Aristóteles,na Poética, livro que até hoje serve de norte para os estudos da arte da representação, deixa muito clara a principal diferença entre o historiador e o poeta. Diz o filósofo que o historiador é aquele que conta os fatos como de fato aconteceram, ao passo que o poeta os conta como poderiam ter acontecido de acordo com as leis da verossimilhança e da necessidade. Para ele, a poesia é muito mais nobre e filosófica do que a história, porque tendo ela um caráter universal é capaz de dialogar com todo e qualquer tempo histórico. Além disso, a poesia tem a liberdade de criar e de propor outras realidades, como fizeram os poetas gregos quando criaram o universo dos deuses mitológicos.
Muito embora os gregos “acreditassem” nos seus deuses, como nos informa Paul Veyne, eles tinham consciência das diferenças e dos limites entre realidade histórica e mítica, tanto que parece não haver nenhum registro histórico de, por exemplo, um casamento realizado entre um ser humano grego e um deus do Olimpo, ou, ainda, que os deuses andassem pelas vielas da Grécia antiga discursando para a plebe. Todas as histórias em torno dessa realidade são míticas, são ficções, são miméticas. Acontece que o mesmo não podemos dizer dos romanos, em particular ao que diz respeito aos enlouquecidos e perversos imperadores, cuja crueldade e concupiscência não tinham limites.

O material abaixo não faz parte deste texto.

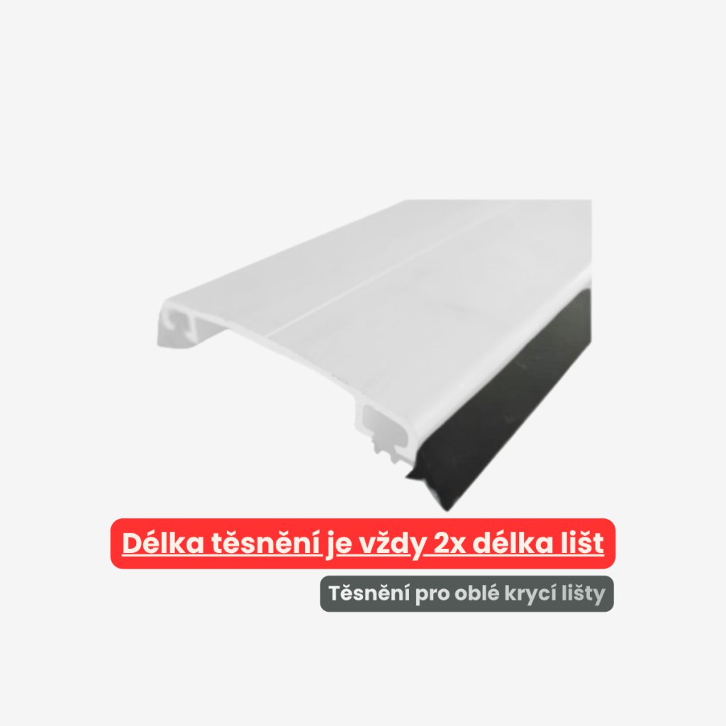 ⚠️ Pro správnou montáž doporučujeme zakoupit 2× délku těsnění než délku lišty. Těsnění není vhodné pro plexisklo – pro tyto aplikace doporučujeme silikonové varianty.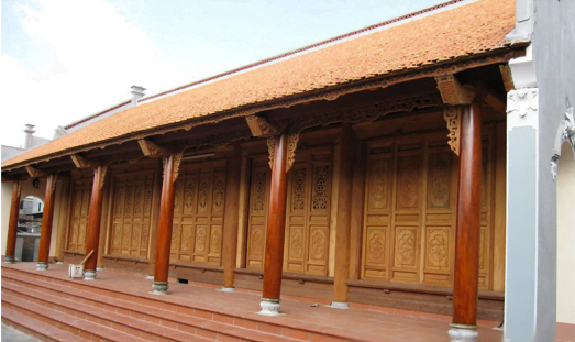 Một vẻ đẹp tiềm ẩn trong mỗi cánh cửa, những cột trụ được khắc họa những hoa văn kết hợp với mầu gỗ lâu tạo nên một ngôi nhà tuyệt hảo với phong cách cổ điển. Cùng những viên ngói tạo nên một ngôi nhà ấm cúng cùng gia đình quây quần với nhau mỗi ngày. Không khí gia đình sum họp, quây quần bên nhau bao trùm cả ngôi nhà.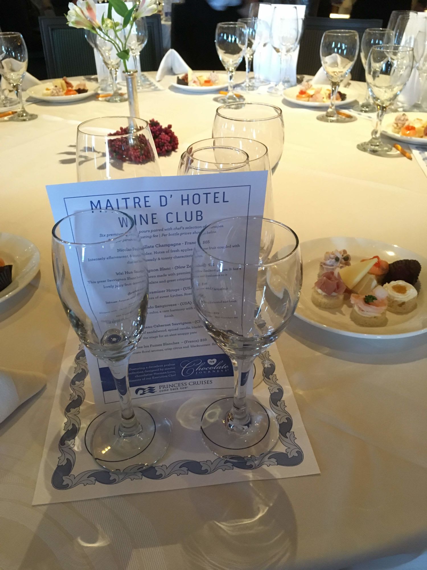 - 1時45分 ワインの試飲会。説明を聞きながら6種類のワインを飲み、カナッペを食べていたら、既に2時55分。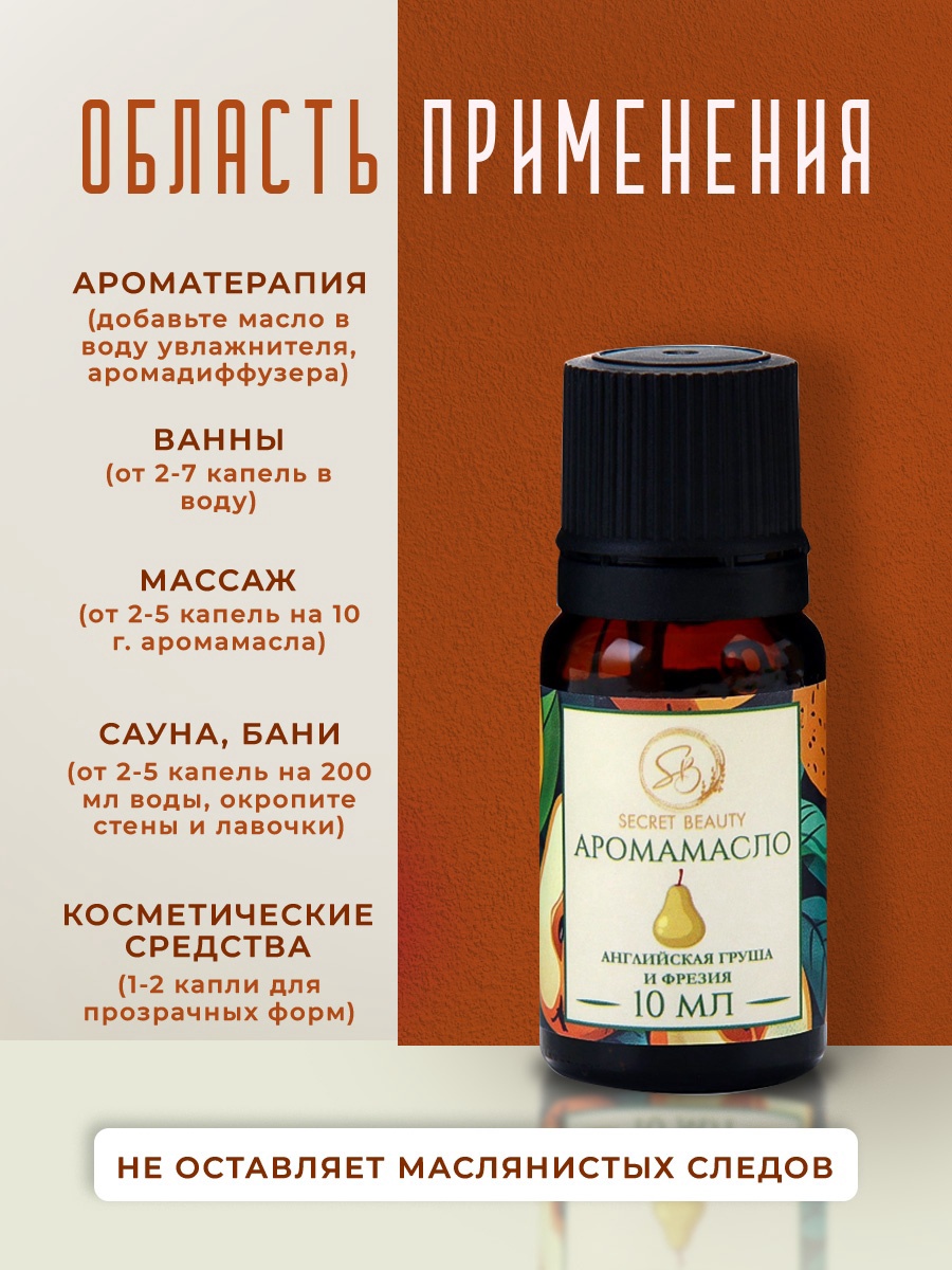 Аромамасло английская груша и фрезия 10 мл. Аромамасло — это идеальный выбор для создания атмосферы уюта и гармонии в вашем доме. С легкостью заполняет пространство изысканным ароматом, который может расслабить, вдохновить или зарядить энергией. Аромамасло можно использовать различными способами, чтобы наслаждаться его ароматом и полезными свойствами: Ароматерапия с помощью диффузора: один из самых популярных способов использования аромамасла — добавление нескольких капель в диффузор для создания приятной атмосферы в комнате. Масло испаряется в воздухе, наполняя помещение ароматом, который способствует расслаблению, улучшает настроение или помогает сосредоточиться.Аромалампа: поместите несколько капель масла в чашу аромалампы, наполненную водой. При подогреве свечой, масло начинает испаряться, наполняя пространство своим ароматом. Это идеальный способ для создания уюта и расслабления в доме.Массаж с аромамаслом: для массажа аромамасло нужно развести с базовым маслом (например, с кокосовым или миндальным). Несколько капель аромамасла придадут массажу не только аромат, но и терапевтический эффект, улучшая кровообращение, расслабляя мышцы и способствуя улучшению самочувствия.Для улучшения сна: для расслабления перед сном используйте аромамасло в диффузоре или капните немного на подушку. Лавандовый или другой успокаивающий аромат может помочь быстрее уснуть и улучшить качество сна.Стимуляция энергии и концентрации: для повышения концентрации и бодрости в течение дня добавьте аромамасло в диффузор или нанесите на кожу (смешав с базовым маслом). Например, цитрусовые или мятные ароматы помогают сосредоточиться и бодрствовать.Спа-процедуры: добавьте несколько капель аромамасла в воду для ванны. Это не только создаст расслабляющую атмосферу, но и смягчит кожу. Для этого можно использовать масла с увлажняющими или питательными свойствами.Парфюм на основе аромамасла: несколько капель аромамасла можно нанести на запястья или шею как натуральный парфюм. Это обеспечит продолжительный и уникальный аромат, который будет ощущаться в течение дня.Набор:Нет|Объём, мл:10|Аромат:Фрезия|Аромат:Груша|Страна:Китай  развернуть описание ▼

Enquanto os poetas cantavam, contavam e representavam as narrativas míticas, em forma de épica, tragédia ou comédia, para as mais diversas plateias, os devassos e cruéis imperadores se apoderavam dessas representações artísticas para, muito mais do que entorpecer o povo, incutir-lhes sentimentos de pavor e de obediência. O que era realizado em forma de exuberantes e sangrentos espetáculos encenados nos circos e coliseu romanos, onde as vítimas, ou seja, os condenados pelo imperador, eram obrigadas a encarnar personagens que tinham finais trágicos e cruéis.